Character-of-Miss-Havisham

Miss Havisham treats her relative in an insulting manner. When she seems to treat Pip with kindness, her real motive is to hurt the feelings of her relatives by arousing the feeling of jealousy in them. There is also an element of trickery in Miss Havisham's nature. She allows Pip to harbour the illusion that she is the source of his good fortune. She even encourages him to continue to have such an impression. But later on Pip discovers that his real benefactor is Magwitch, no Miss Havisham and so he mildly scolds her for having deceived him.

Miss Havisham succeeds in hardening Estella's heart. Estella becomes so hard-heartened that she treats not only men with callousness but also Miss Havisham herself. Miss Havisham is naturally upset at Estella's coldness towards her and when she mentions this to Estella in an aggrieved tone, Estella replies that she (Estella) is what Miss Havisham has made her.

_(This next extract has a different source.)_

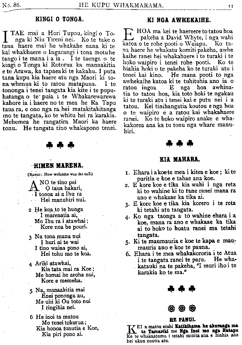HE KUPU WHAKAMARAMA. KINGI O TONGA. I TAE mai a Hori Tupou, kingi o To- nga ki Niu Tireni nei. Ko te take o tana haere mai he whakahe nana ki te kai whakhaere o Ingarangi i tona motu he tango i te mana i a ia . I te taenga o te kingi o Tonga ki Rotorua ka manaakitia e te Arawa, ka tapaea ki te kakahu. I puta tana kupu kia haere atu nga Maori ki to- na whenua ki to ratou matapuna. I te tononga i tenei tangata kia kite i te pupu- hatanga o te puia i te Whakarewarewa kahore ia i, haere no te mea he Ra Tapu taua ra, e ono nga ra. hei matakitakinga mo te tangata, ko te whitu hei ra karakia. Mehemea he rangatira Maori ka haere tonu. He tangata tino whakapono tenei. HIMEN MARENA. (RANGI: How welcome was the call.) A NO te tiho pai O taua hakari, I tonoa ai a Ihu ra Hei manuhiri nui. 2 He koa, to te hunga I marenatia ai, Mo Ihu ra i atawhai; Kore noa he pouri. 3 Na tona mana nui I huri ai te wai I tino waina pono ai, Hei tohu mo te koa. 4 Ariki atawhai, Kia tata mai ra Koe; Me homai he aroha nui, Kore e memeha. 5 Na, manaakitia mai Enei pononga au, Me uhi ki Ou toto nui I ringihia nei. 6 He inoi ta matou Mo tenei tokorua; Kia honoa tonutia e Koe, Kia piri pono ai. KI NGA AWHEKAIHE. EHOA ma kei te haereere to tatou hoa pakeha a David Whyte, i nga wahi katoa o te rohe pooti o Waiapu. Ko ta- na haere he whakatu komiti pakeha, awhe kaihe ranei hei whakahaere i te turaki i te hoko waipiro i tenei rohe pooti. Ko te hiahia hoki o te pakeha ko te turaki atu i tenei kai kino. He mana pooti to nga awhekaihe katoa ki te tuhituhia ano ia o ratou ingoa E nga hoa awhina- tia to tatou hoa, kia toto hoki te ngakau ki te turaki atu i tenei kai e putu nei i a tatou. Kei tinihangatia koutou e nga hoa o te waipiro e a ratou kai whakahaere ranei. Ko te hoko waipiro anake e wha- kakorea ana ka tu tonu nga whare manu- hiri. KIA MAHARA, 1. Ehara i a koe te mea i kitea e koe; ki te puritia e koe e tahae ana koe. 2. E kore koe e tika kia wahi i nga reta ki to wahine ki to tane ranei mana ra ano e whakaae ka tika ai. 3. E kore koe e tika kia korero i te reta ki tetahi atu tangata. 4. Ko nga taonga a to wahine ehara i a koe, mana ra ano e whakaae ka tika ai to hoko to hoatu ranei ma tetahi tangata. 5. Ki te maumauria e koe te kapa e mau- mauria ano e koe te pauna. 6. Ehara i te mea whakakororia i te Atua i te tangata ranei te paru. He wha- katauki na te pakeha, "I muri iho i te karakia ko te ma." HE PANUI. KEI a matou etahi Katikihama he akoranga ma te Tamariki me Nga Inoi mo nga Ratapu Ke te whakaatuma i tetahi minita ana e hiahia ana hei ukun noatia atu.

Later in the novel, there is a change in Miss Havisham. Pip's pleadings on behalf of the Pocket family produce the desired effect upon her mind and she authorises Pip to receive an amount of nine hundred pounds from Jaggers as financial help for Herbert. She is now full of remorse over her past cynicism and hard-heartedness. She feels particularly repentant of her having allowed Pip to continue to have the wrong impression that she was the source of his good fortune. Miss Havisham also confesses her guilt in having perverted Estella's heart: "I stole her heart away and put ice in its place."

Miss Havisham at the end of the novel appears as a pathetic character. Once she had been frighteningly formidable but in the end she was reduced to the state of a helpless and powerless silly old woman.